Data Movement/ETL Overview

15 Data Movement/ETL Overview

This chapter discusses the process of extracting, transporting, transforming, and loading data in a data warehousing environment. It includes the following topics:

15.1 Overview of ETL in Data Warehouses

You must load your data warehouse regularly so that it can serve its purpose of facilitating business analysis. To do this, data from one or more operational systems must be extracted and copied into the data warehouse. The challenge in data warehouse environments is to integrate, rearrange and consolidate large volumes of data over many systems, thereby providing a new unified information base for business intelligence.

The process of extracting data from source systems and bringing it into the data warehouse is commonly called ETL, which stands for extraction, transformation, and loading. Note that ETL refers to a broad process, and not three well-defined steps. The acronym ETL is perhaps too simplistic, because it omits the transportation phase and implies that each of the other phases of the process is distinct. Nevertheless, the entire process is known as ETL.

The methodology and tasks of ETL have been well known for many years, and are not necessarily unique to data warehouse environments: a wide variety of proprietary applications and database systems are the IT backbone of any enterprise. Data has to be shared between applications or systems, trying to integrate them, giving at least two applications the same picture of the world. This data sharing was mostly addressed by mechanisms similar to what is now called ETL

15.1.1 ETL Basics in Data Warehousing

What happens during the ETL process? The following tasks are the main actions in the process:

15.1.1.1 Extraction of Data in Data Warehouses

During extraction, the desired data is identified and extracted from many different sources, including database systems and applications. Very often, it is not possible to identify the specific subset of interest, therefore more data than necessary has to be extracted, so the identification of the relevant data will be done at a later point in time. Depending on the source system's capabilities (for example, operating system resources), some transformations may take place during this extraction process. The size of the extracted data varies from hundreds of kilobytes up to gigabytes, depending on the source system and the business situation. The same is true for the time delta between two (logically) identical extractions: the time span may vary between days/hours and minutes to near real-time. Web server log files, for example, can easily grow to hundreds of megabytes in a very short period.

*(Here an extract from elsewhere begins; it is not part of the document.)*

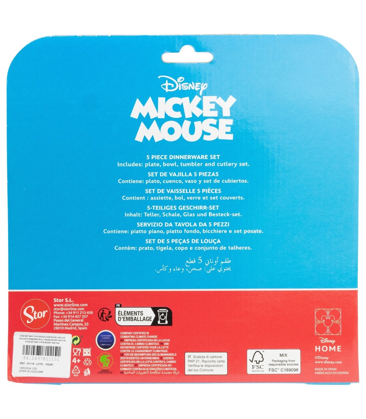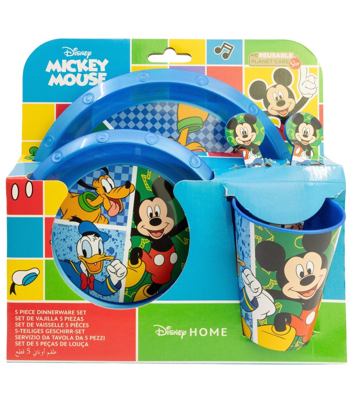 SET EASY 5 PCS (PLATO, CUENCO, VASO Y CUBIERTOS) EN CAJA MICKEY HAS FUN
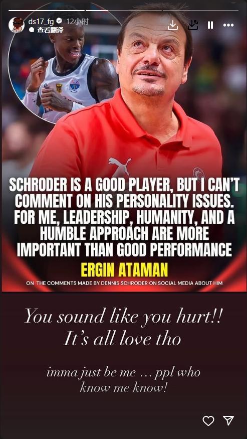 此前,施罗德就曾对阿塔曼当选最佳教练表示过不满,他直言:“最佳教练?开什么玩笑!”而阿塔曼在谈及施罗德的言论时,也表达了自己的看法:“他是好球员,但领导力与谦逊比表现更重要。”

15.1.1.2 Transportation of Data in Data Warehouses

After data is extracted, it has to be physically transported to the target system or to an intermediate system for further processing. Depending on the chosen way of transportation, some transformations can be done during this process, too. For example, a SQL statement which directly accesses a remote target through a gateway can concatenate two columns as part of the SELECT statement.

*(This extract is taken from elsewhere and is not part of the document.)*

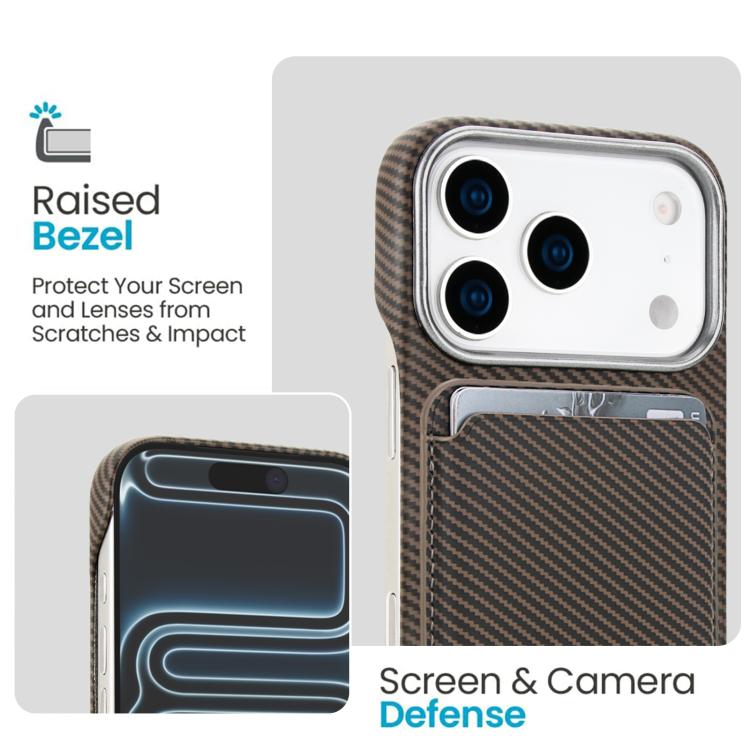 Funda para iPhone 17 Pro Max con tarjetero magnético MagSafe de fibra de carbono (marrón)

The emphasis in many of the examples in this section is scalability. Many long-time users of Oracle Database are experts in programming complex data transformation logic using PL/SQL. These chapters suggest alternatives for many such data manipulation operations, with a particular emphasis on implementations that take advantage of Oracle's new SQL functionality, especially for ETL and the parallel query infrastructure.

15.2 ETL Tools for Data Warehouses

Designing and maintaining the ETL process is often considered one of the most difficult and resource-intensive portions of a data warehouse project. Many data warehousing projects use ETL tools to manage this process. Oracle Data Integrator (ODI), for example, provides ETL capabilities and takes advantage of inherent database abilities. Other data warehouse builders create their own ETL tools and processes, either inside or outside the database.

Besides the support of extraction, transformation, and loading, there are some other tasks that are important for a successful ETL implementation as part of the daily operations of the data warehouse and its support for further enhancements. Besides the support for designing a data warehouse and the data flow, these tasks are typically addressed by ETL tools such as ODI.

Oracle is not an ETL tool and does not provide a complete solution for ETL. However, Oracle does provide a rich set of capabilities that can be used by both ETL tools and customized ETL solutions. Oracle offers techniques for transporting data between Oracle databases, for transforming large volumes of data, and for quickly loading new data into a data warehouse.

15.2.1 Daily Operations in Data Warehouses

The successive loads and transformations must be scheduled and processed in a specific order. Depending on the success or failure of the operation or parts of it, the result must be tracked and subsequent, alternative processes might be started. The control of the progress as well as the definition of a business workflow of the operations are typically addressed by ETL tools such as Oracle Data Integrator (ODI).

15.2.2 Evolution of the Data Warehouse

As the data warehouse is a living IT system, sources and targets might change. Those changes must be maintained and tracked through the lifespan of the system without overwriting or deleting the old ETL process flow information. To build and keep a level of trust about the information in the warehouse, the process flow of each individual record in the warehouse can be reconstructed at any point in time in the future in an ideal case.